Data items:
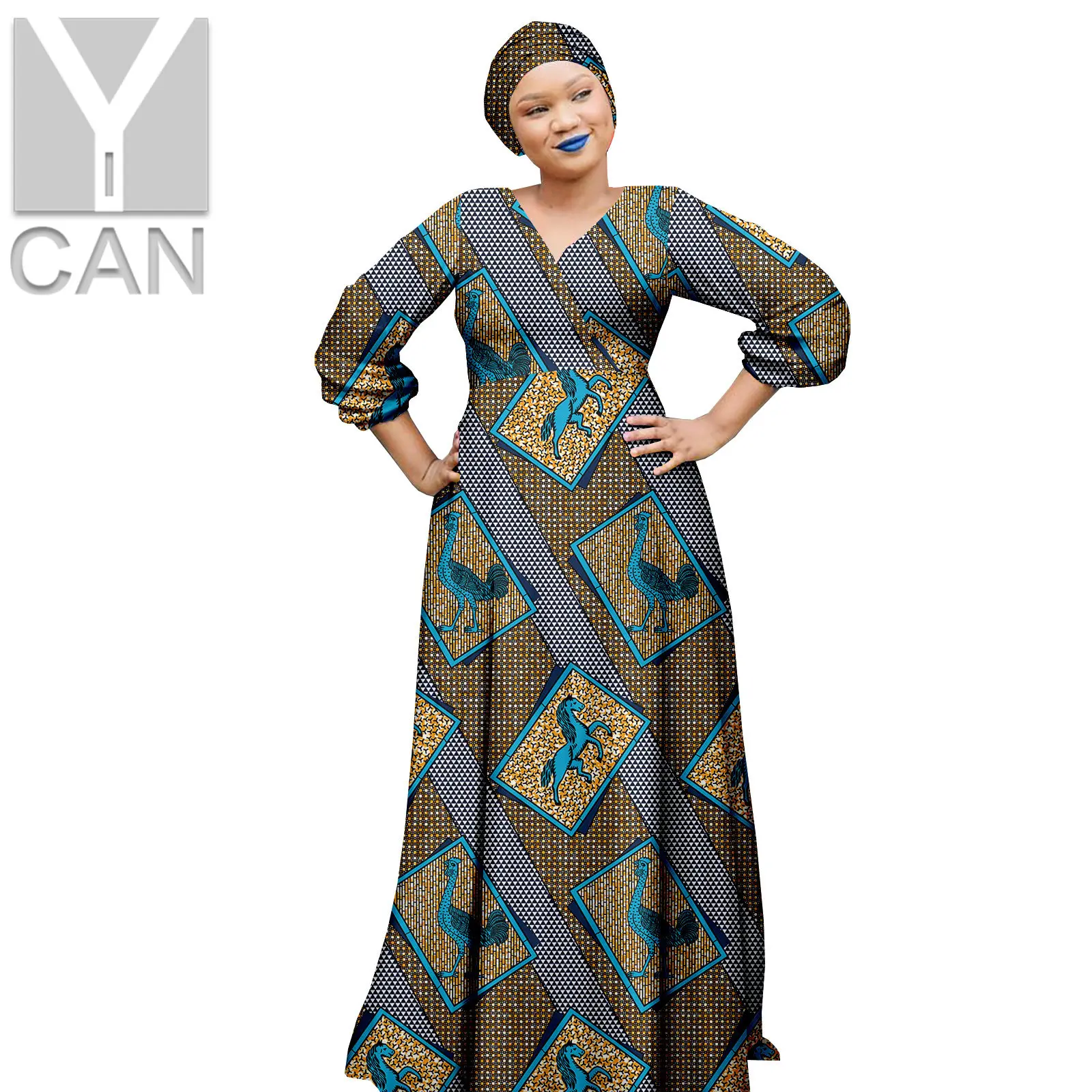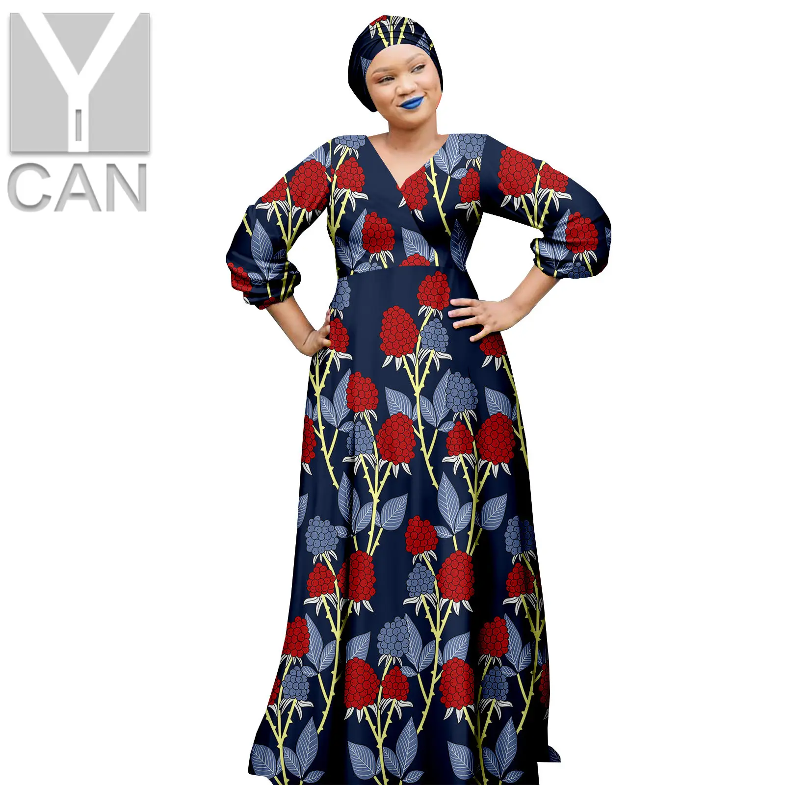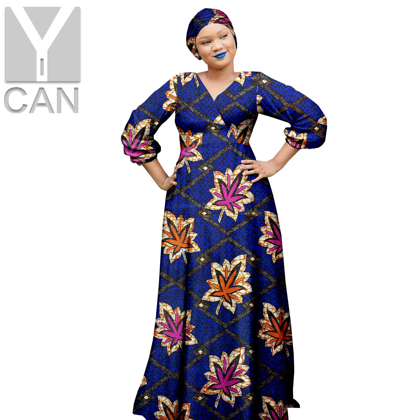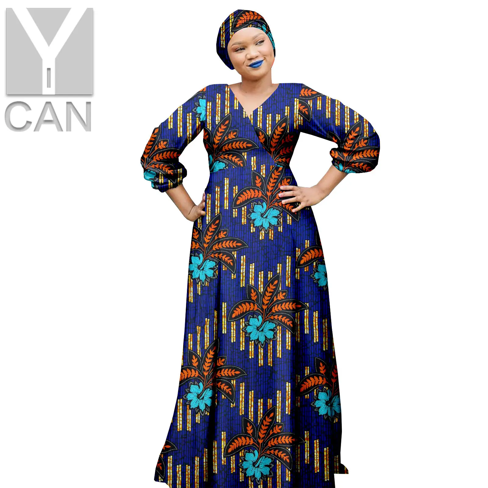 Африканские платья для женщин, Дашики, Анкара, v-образный вырез, длинные головные уборы с запахом, базин, роскошные наряды, вечерние свадебные платья Y2225017
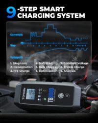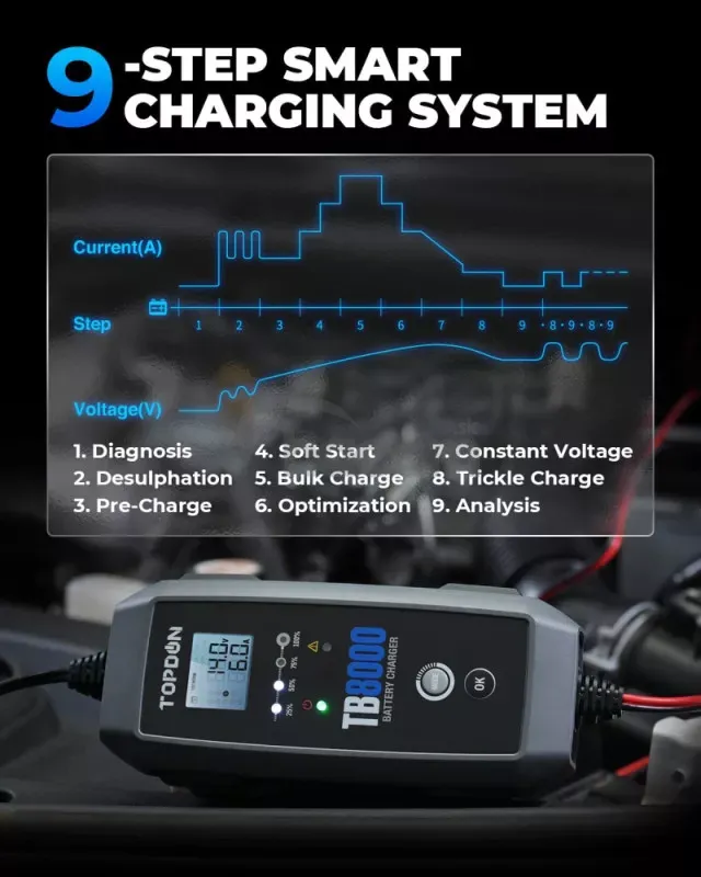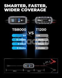 9-stupňový systém inteligentného nabíjania TB8000 poskytuje používateľom špičkovú technológiu, ktorá automaticky identifikuje stav batérie a dodáva najvhodnejší prúd. S týmto zariadením sa už nemusíte obávať poškodenia batérií!
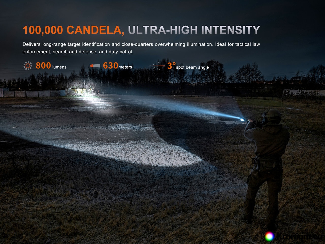 - The optics create a tightly focused light beam with a distance of 630 meters (100,000 cd).
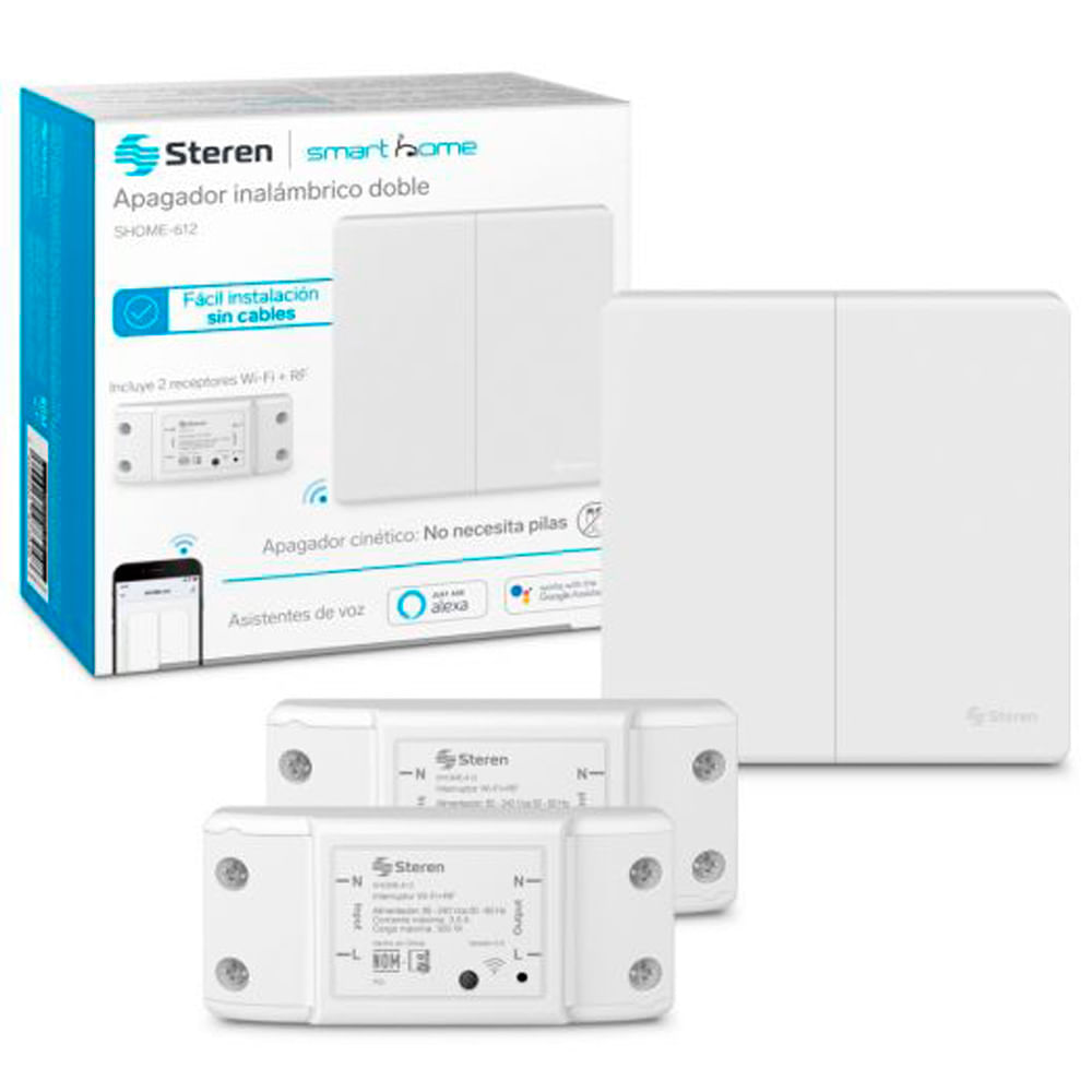 Haz que tu hogar sea más inteligente con este innovador interruptor cinético sin cables. Gracias a su tecnología de generación de energía por presión, no requiere pilas ni conexiones eléctricas complicadas. Solo debes instalarlo y vincularlo al receptor para comenzar a controlar la iluminación de forma práctica y moderna. Además, al integrarse con Wi-Fi, puedes administrarlo desde tu celular con la app Steren Home o mediante asistentes de voz, programando horarios, rutinas y más. Ideal para quienes buscan comodidad, eficiencia energética y facilidad de instalación.
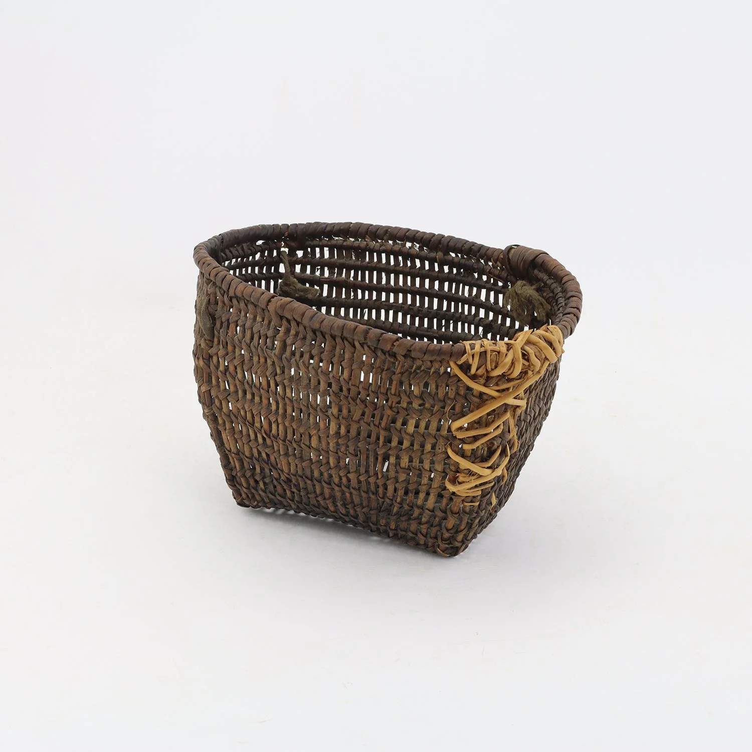 small rectangular woven open-work clam basket made of pealed cedar roots twined with split cedar stips, possibly for child, early 20th century, has been used

__Task to complete__. Please repeat all of the entries above word for word, but drop any pictures.

__Result of the task__.
 Африканские платья для женщин, Дашики, Анкара, v-образный вырез, длинные головные уборы с запахом, базин, роскошные наряды, вечерние свадебные платья Y2225017
 9-stupňový systém inteligentného nabíjania TB8000 poskytuje používateľom špičkovú technológiu, ktorá automaticky identifikuje stav batérie a dodáva najvhodnejší prúd. S týmto zariadením sa už nemusíte obávať poškodenia batérií!
 - The optics create a tightly focused light beam with a distance of 630 meters (100,000 cd).
 Haz que tu hogar sea más inteligente con este innovador interruptor cinético sin cables. Gracias a su tecnología de generación de energía por presión, no requiere pilas ni conexiones eléctricas complicadas. Solo debes instalarlo y vincularlo al receptor para comenzar a controlar la iluminación de forma práctica y moderna. Además, al integrarse con Wi-Fi, puedes administrarlo desde tu celular con la app Steren Home o mediante asistentes de voz, programando horarios, rutinas y más. Ideal para quienes buscan comodidad, eficiencia energética y facilidad de instalación.
 small rectangular woven open-work clam basket made of pealed cedar roots twined with split cedar stips, possibly for child, early 20th century, has been used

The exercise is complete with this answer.